Twelve-week moving average of SOI and the 2-week moving average of maximum temperature may be important factors influencing the temporal distribution of the weekly occurrence of autochthonous cases caused by specific DENV serotypes in Cairns. Our findings suggest that the likelihoods of the occurrence of the four serotypes might be unequal under the same environmental conditions and vary with changes in global and local environments. Knowledge of the association between the occurrence of DENV serotypes and global climate and local environmental variability might be important for guiding improvements in allocating resources for disease prevention and control. Such interventions currently rely on vector control methods but may in the future include vaccines. Understanding the predictors of different serotypes might prove helpful in establishing optimal vaccination programmes and quantifying the risk and population health burden of severe dengue infections. Moreover, this study suggests that the role of global climate change in the transmission dynamics of the four DENV serotypes needs further work to inform future dengue control.

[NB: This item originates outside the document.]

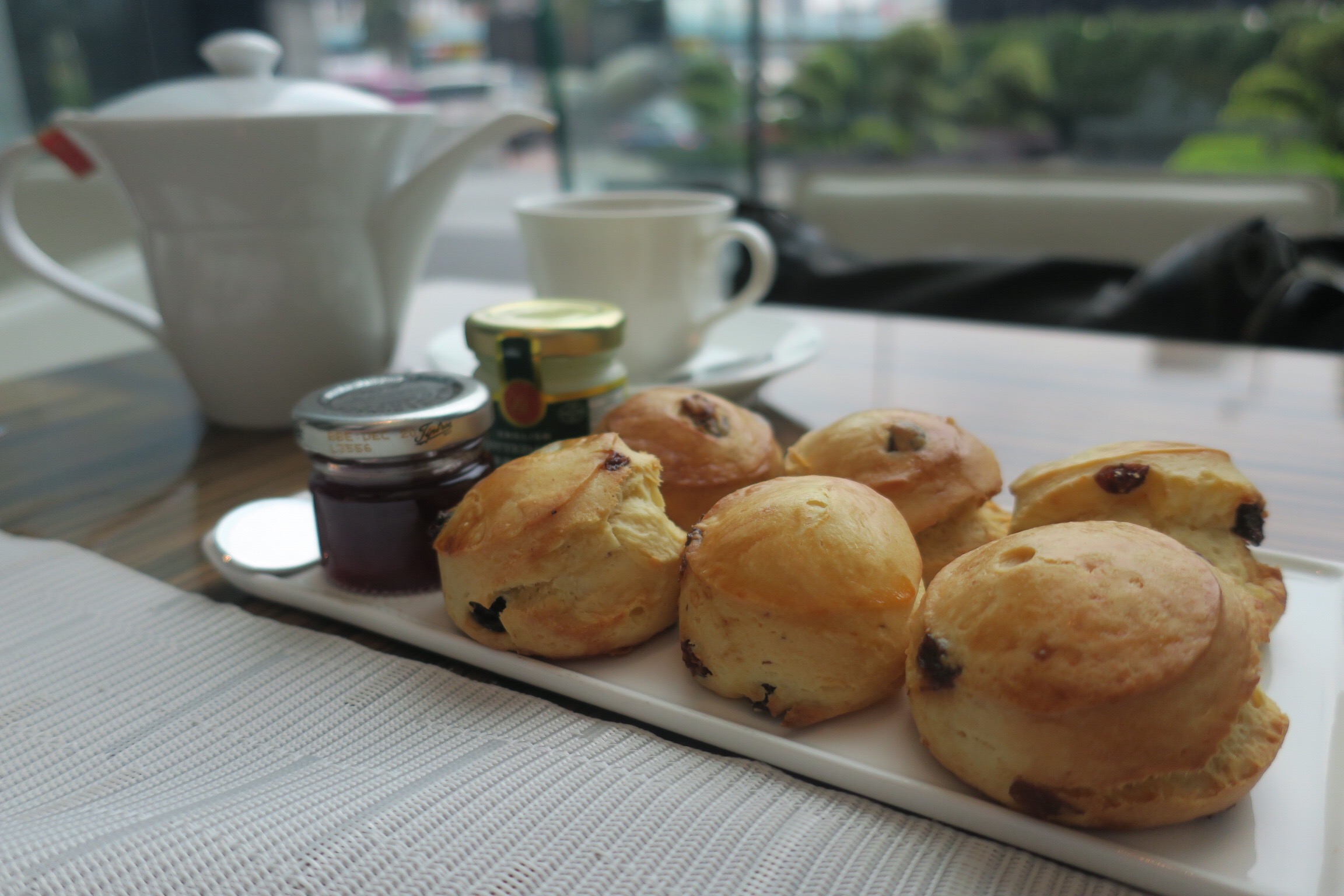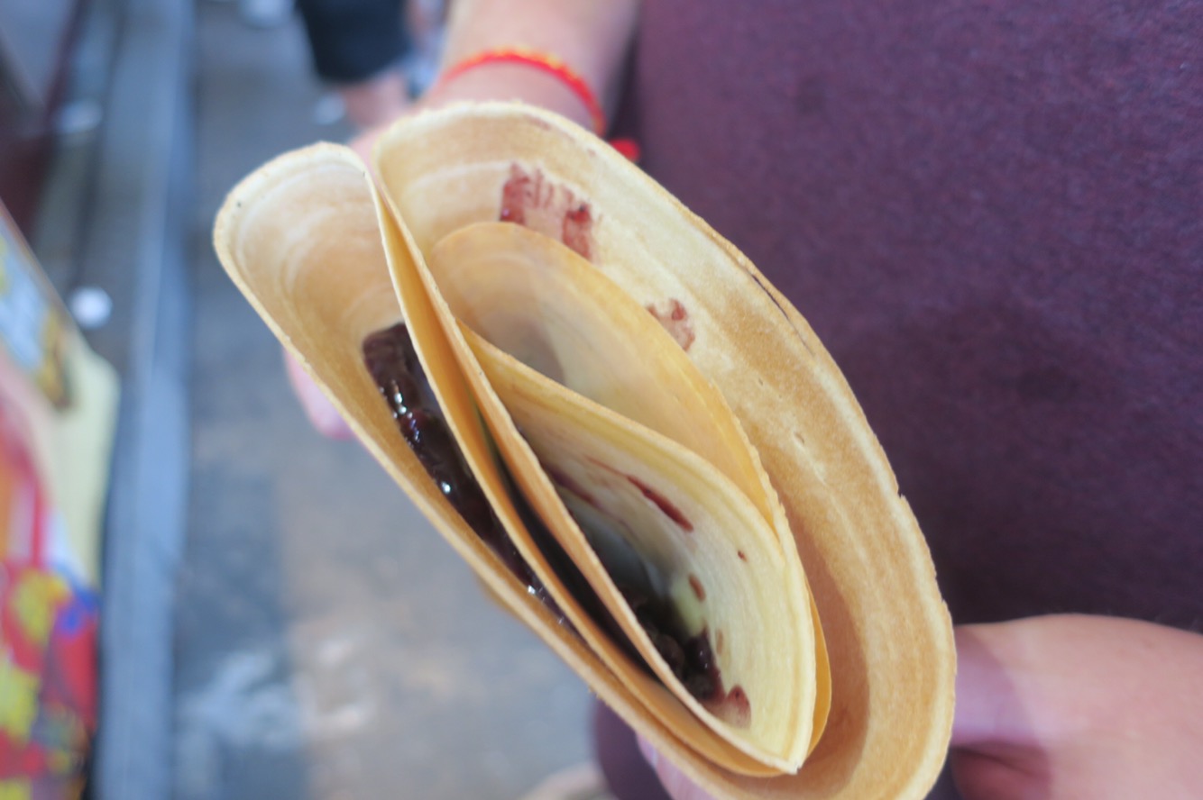 Hotel ICON: Boy was this was a treat. Dean harps on other “travel” people that gloat about their hookups that they get for being famous, and while we are by no means famous, when your good friend wants to show a good time, you take them up on it! This was the restaurant inside the hotel and school that Maceo works at and it had an amazing Tea Set Lunch. First, pick your caffeinated beverage of choice – espresso, cappuccino, or one of about 12 hand selected teas. We were feeling fancy and felt we needed to have tea during the Tea Set Lunch, so I picked the Vanilla Bourbon, it was a hit of smooth vanilla with a subtle hint of smoky, I loved it! Dean wanted to go the traditional Asian route so he chose Jasmine which he described it as hitting you like a flower bomb on the palate but slowly subsiding and smoothing out with a dry tannic finish (wait is this wine or tea?!). Soon after we started enjoying our tea, a plate with freshly made mini scones with raisins dotting them arrived accompanied with clotted cream and strawberry jam. Feeling British yet? It transported us right back to the New Years in London we had a few years ago! The fanciest part was the 3 tiered tray that arrived last. The first and second layer were composed of little hors d’oeuvres. While we couldn’t eat some because of the whole fish allergy thing, we were still able to enjoy the creation and thought behind each bite. You could tell the chef put a lot of time and effort into creating the perfect taste for his customers to enjoy. There was chocolate covered foie gras(duck liver) with crushed peanuts (sounds weird, but trust us… it worked!), lamb and goat cheese on crostini, spicy crab gazpacho, smoked salmon with salmon roe on rye toast, seared scallop with creamed spinach with lumpfish roe, and shrimp with chorizo. The top layer was the best part (at least in my opinion!) little tartlets, each with their own unique flavor and presentation. Green Apple, rose tea chocolate, lavender-citron, strawberry-lychee and jasmine-chocolate. They were absolutely gorgeous and the taste was out of this world.

Study site and data collection
Cairns (latitude 16.55°S, longitude 145.46°E) is the second-largest city in north Queensland and is a popular destination for domestic and international travellers. Cairns experiences a tropical climate with wet and dry seasons throughout the year. The highest and lowest annual mean temperatures are approximately 31°C and 18°C, respectively40. Annual mean total rainfall is 2008 mm41. Variability of climate in Australia is often related to changes in Southern Oscillation Index (SOI). Typically, Cairns experiences a reduction in rainfall during an El Niño episode and wetter weather than usual during a La Niña episode.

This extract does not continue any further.